Start of The data
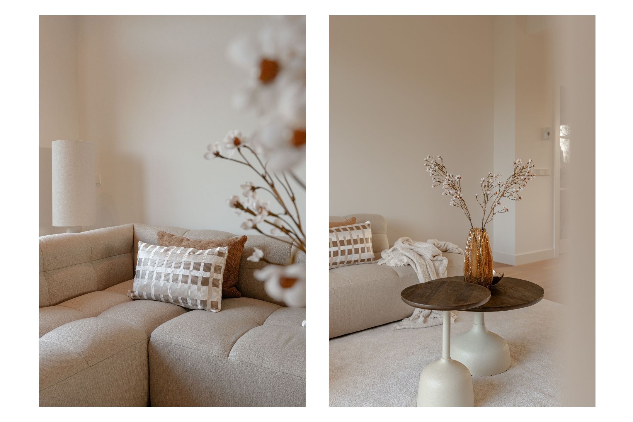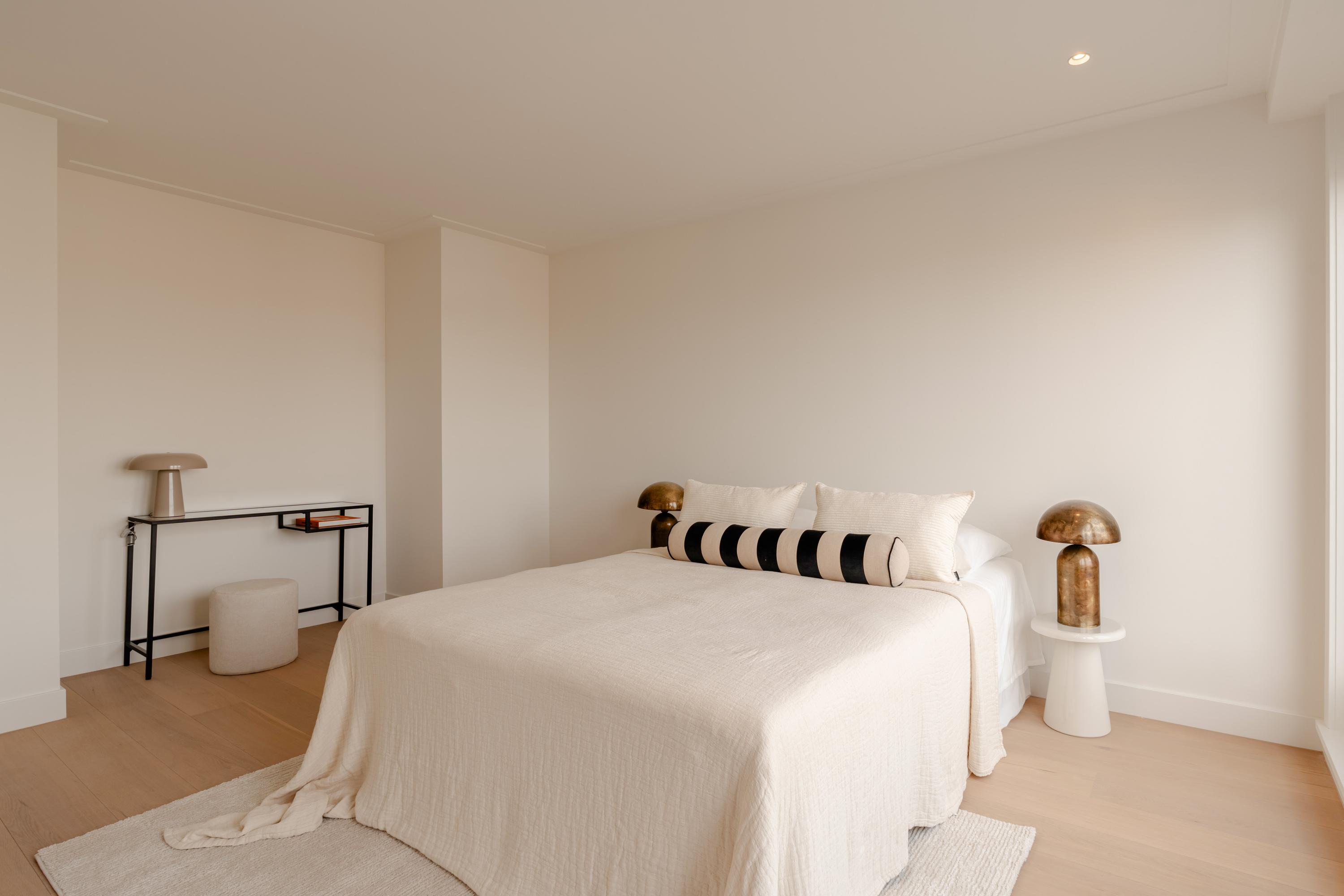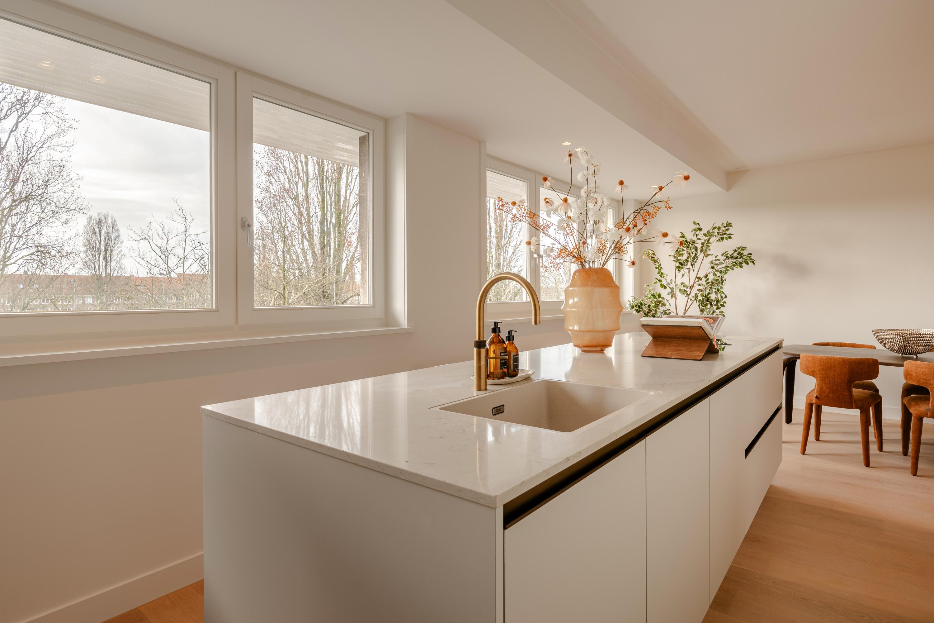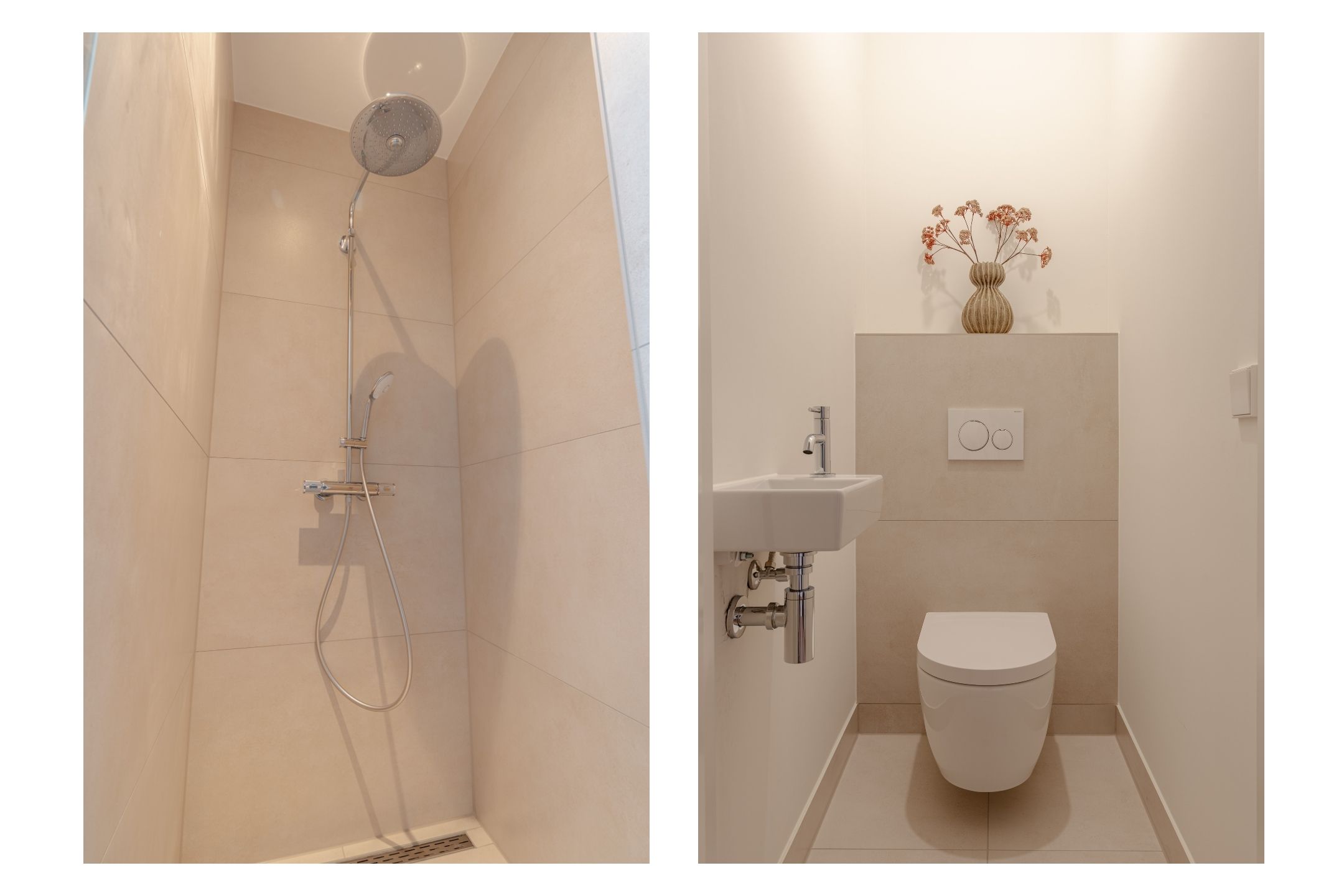 The open-plan kitchen is a true eye-catcher, fitted with high-quality built-in appliances: an induction hob with integrated extractor, dishwasher, combi-oven and Quooker tap. The combination of sleek handleless cabinetry and warm wooden accents gives this floor a modern yet inviting feel. From the living room you have access to a sunny southeast-facing balcony, perfect for a morning coffee or an afternoon drink in the sun.
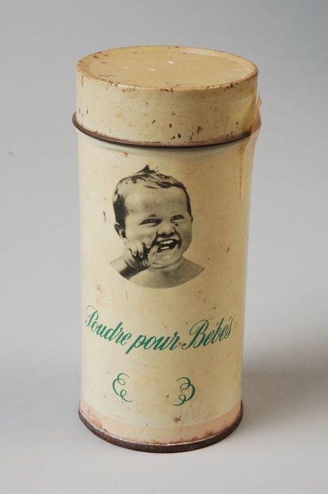 Cilindrisch blauw en oranje blik "... Drogistenwas ..."
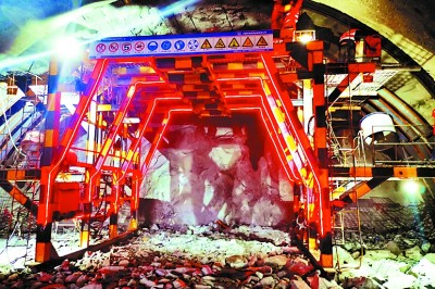 红山隧道位于山东省枣庄市山亭区和平邑县境内,为双线分离式隧道,左洞长1420米,右洞长1434米,洞身最大埋深约180米。该隧道围岩坚硬,地质复杂,施工难度极大。 (贾鹤 王野)
End of The data
**Exercise**
No picture belongs in the copy; return the rest of the listing exactly.

**Exercise output**
 The open-plan kitchen is a true eye-catcher, fitted with high-quality built-in appliances: an induction hob with integrated extractor, dishwasher, combi-oven and Quooker tap. The combination of sleek handleless cabinetry and warm wooden accents gives this floor a modern yet inviting feel. From the living room you have access to a sunny southeast-facing balcony, perfect for a morning coffee or an afternoon drink in the sun.
 Cilindrisch blauw en oranje blik "... Drogistenwas ..."
 红山隧道位于山东省枣庄市山亭区和平邑县境内,为双线分离式隧道,左洞长1420米,右洞长1434米,洞身最大埋深约180米。该隧道围岩坚硬,地质复杂,施工难度极大。 (贾鹤 王野)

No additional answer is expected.